[TASK STATEMENT] For the entries that follow, restate word for word the line containing "18 Kt. witgouden", the line containing "Проклятые зубы Рорка!", and every line that lies between them.

[SUPPLIED MATERIAL]
········

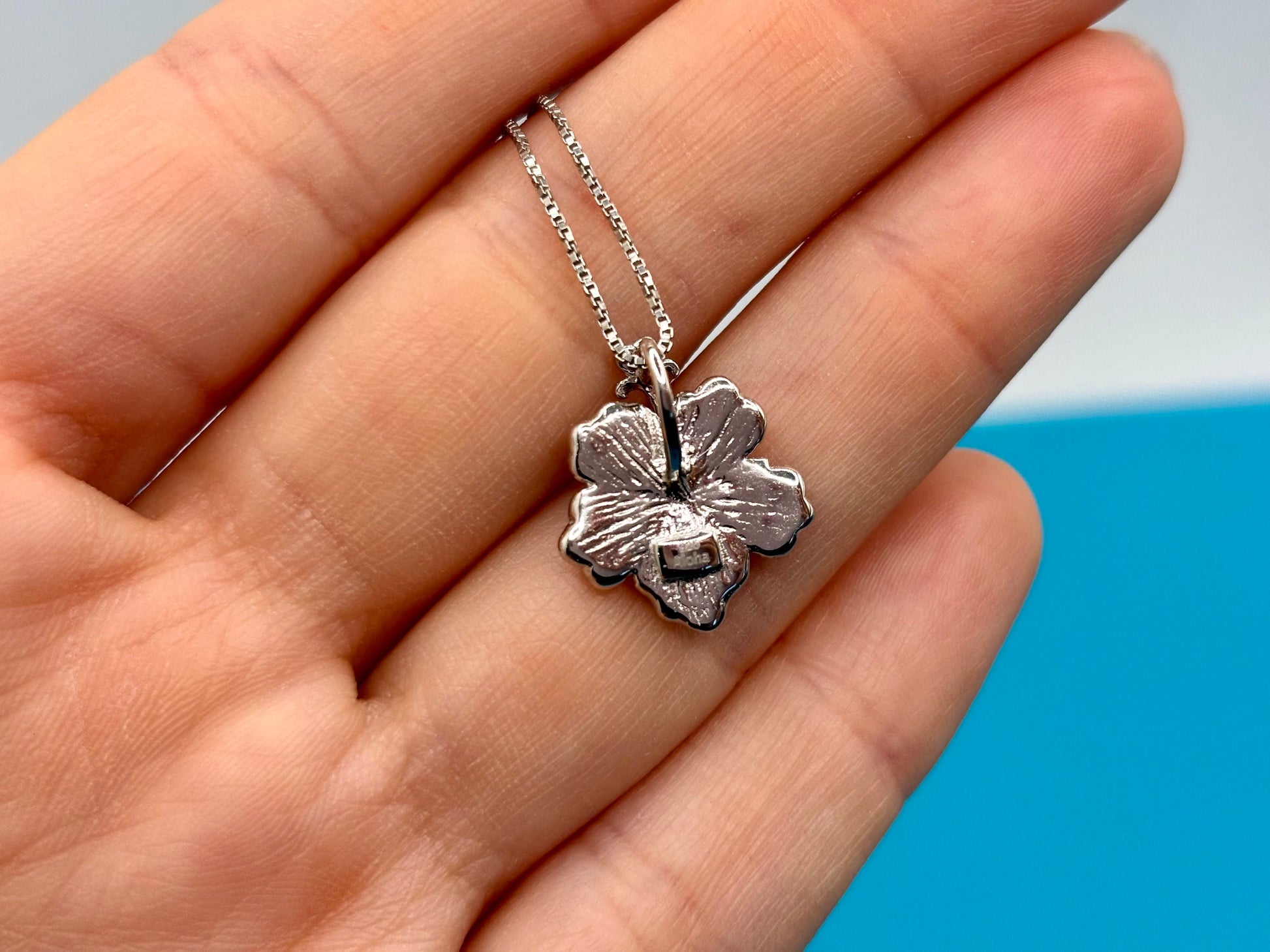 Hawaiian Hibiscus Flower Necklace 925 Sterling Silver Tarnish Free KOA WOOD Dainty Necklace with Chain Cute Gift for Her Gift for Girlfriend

········

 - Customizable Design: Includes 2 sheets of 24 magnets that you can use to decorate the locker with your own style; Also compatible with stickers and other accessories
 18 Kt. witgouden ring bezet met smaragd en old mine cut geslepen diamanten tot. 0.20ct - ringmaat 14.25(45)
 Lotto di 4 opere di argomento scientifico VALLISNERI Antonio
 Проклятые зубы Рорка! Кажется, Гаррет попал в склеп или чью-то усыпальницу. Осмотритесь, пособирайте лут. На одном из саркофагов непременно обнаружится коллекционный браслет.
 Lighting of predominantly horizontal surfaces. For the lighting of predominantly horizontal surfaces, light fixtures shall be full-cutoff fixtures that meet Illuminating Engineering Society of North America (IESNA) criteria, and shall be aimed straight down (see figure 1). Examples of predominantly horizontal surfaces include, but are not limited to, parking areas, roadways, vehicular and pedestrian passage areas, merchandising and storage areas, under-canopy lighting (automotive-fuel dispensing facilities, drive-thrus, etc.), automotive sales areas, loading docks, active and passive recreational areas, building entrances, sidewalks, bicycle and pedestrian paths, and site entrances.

········

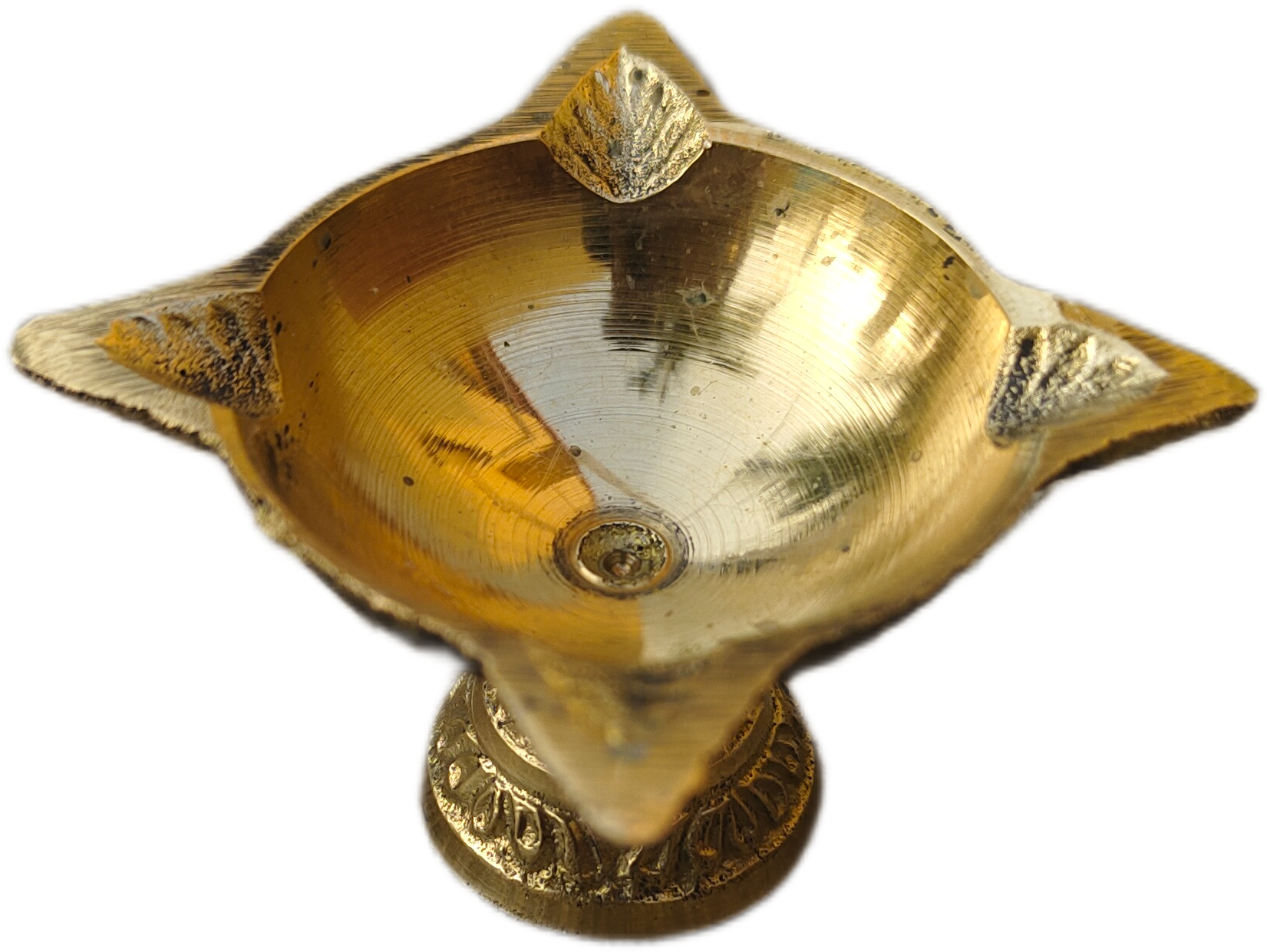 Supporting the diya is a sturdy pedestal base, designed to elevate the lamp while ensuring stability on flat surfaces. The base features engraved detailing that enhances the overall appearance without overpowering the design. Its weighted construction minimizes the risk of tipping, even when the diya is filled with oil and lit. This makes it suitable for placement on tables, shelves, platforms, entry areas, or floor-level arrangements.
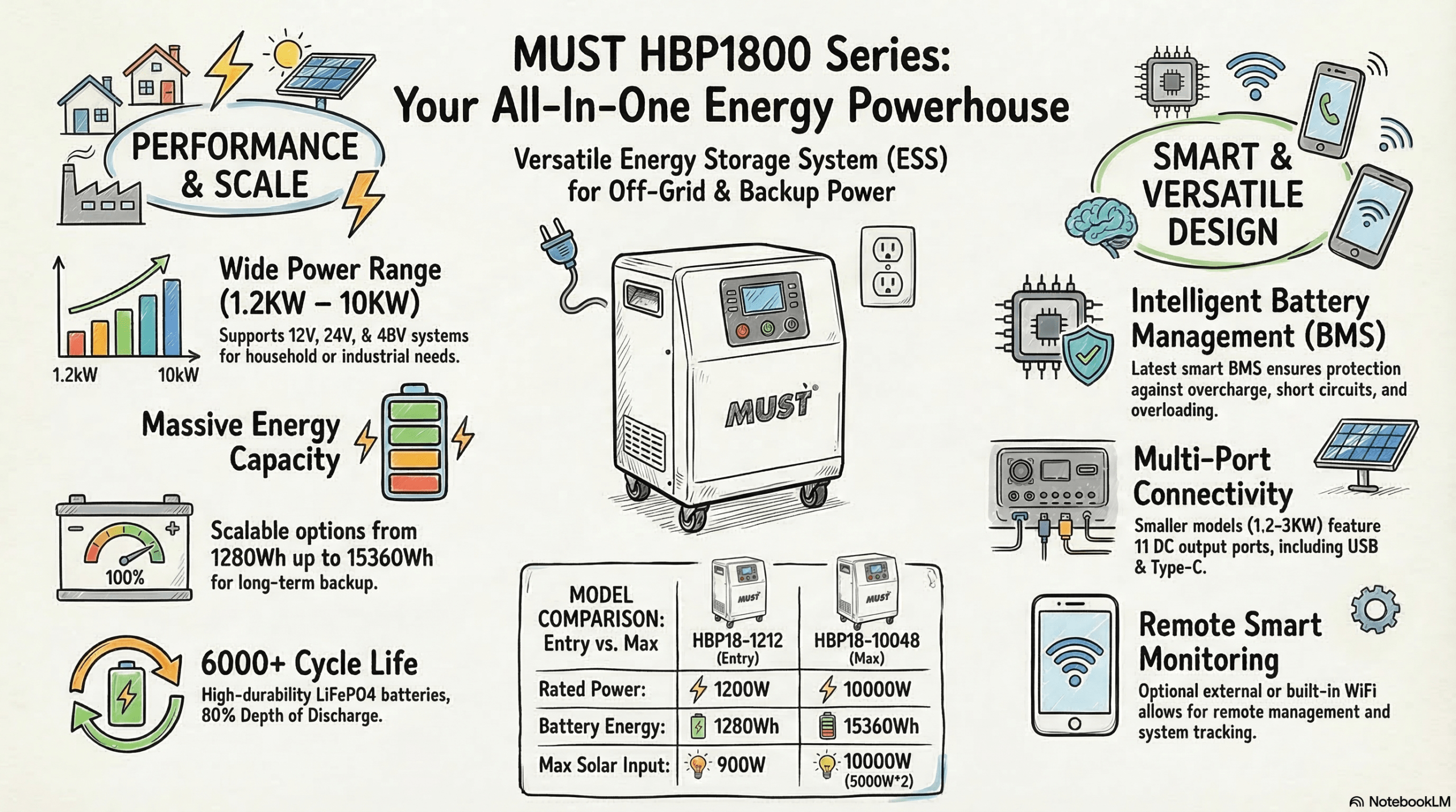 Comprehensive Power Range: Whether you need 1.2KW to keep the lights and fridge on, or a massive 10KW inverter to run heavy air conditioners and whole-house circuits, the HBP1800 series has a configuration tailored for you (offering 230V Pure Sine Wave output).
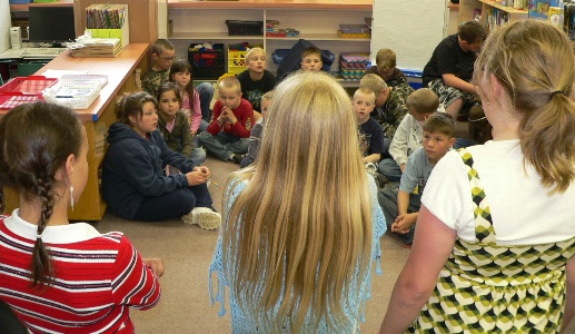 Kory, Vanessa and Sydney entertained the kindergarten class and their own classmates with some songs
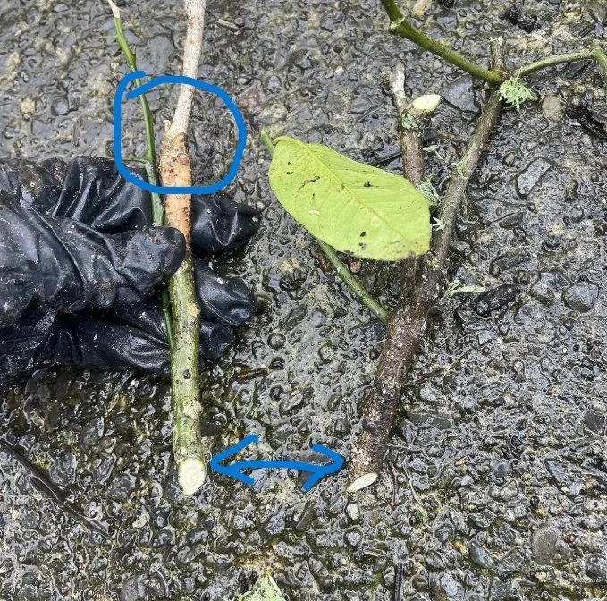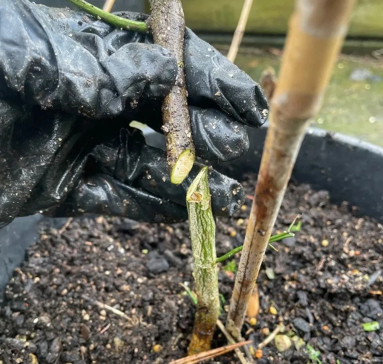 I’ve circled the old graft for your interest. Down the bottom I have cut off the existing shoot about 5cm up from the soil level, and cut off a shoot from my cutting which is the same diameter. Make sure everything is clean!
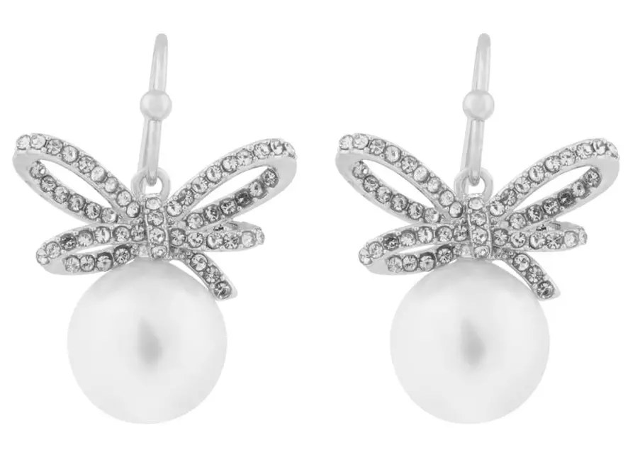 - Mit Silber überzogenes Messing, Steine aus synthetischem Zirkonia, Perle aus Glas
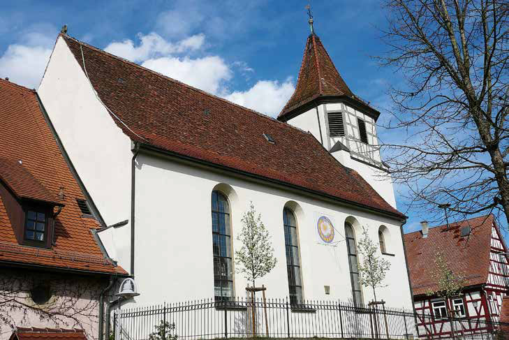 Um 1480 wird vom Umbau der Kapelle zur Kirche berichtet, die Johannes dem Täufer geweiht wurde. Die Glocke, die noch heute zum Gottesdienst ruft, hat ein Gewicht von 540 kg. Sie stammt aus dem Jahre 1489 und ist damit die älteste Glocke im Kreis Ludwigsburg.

········

[TASK SOLUTION]
 18 Kt. witgouden ring bezet met smaragd en old mine cut geslepen diamanten tot. 0.20ct - ringmaat 14.25(45)
 Lotto di 4 opere di argomento scientifico VALLISNERI Antonio
 Проклятые зубы Рорка! Кажется, Гаррет попал в склеп или чью-то усыпальницу. Осмотритесь, пособирайте лут. На одном из саркофагов непременно обнаружится коллекционный браслет.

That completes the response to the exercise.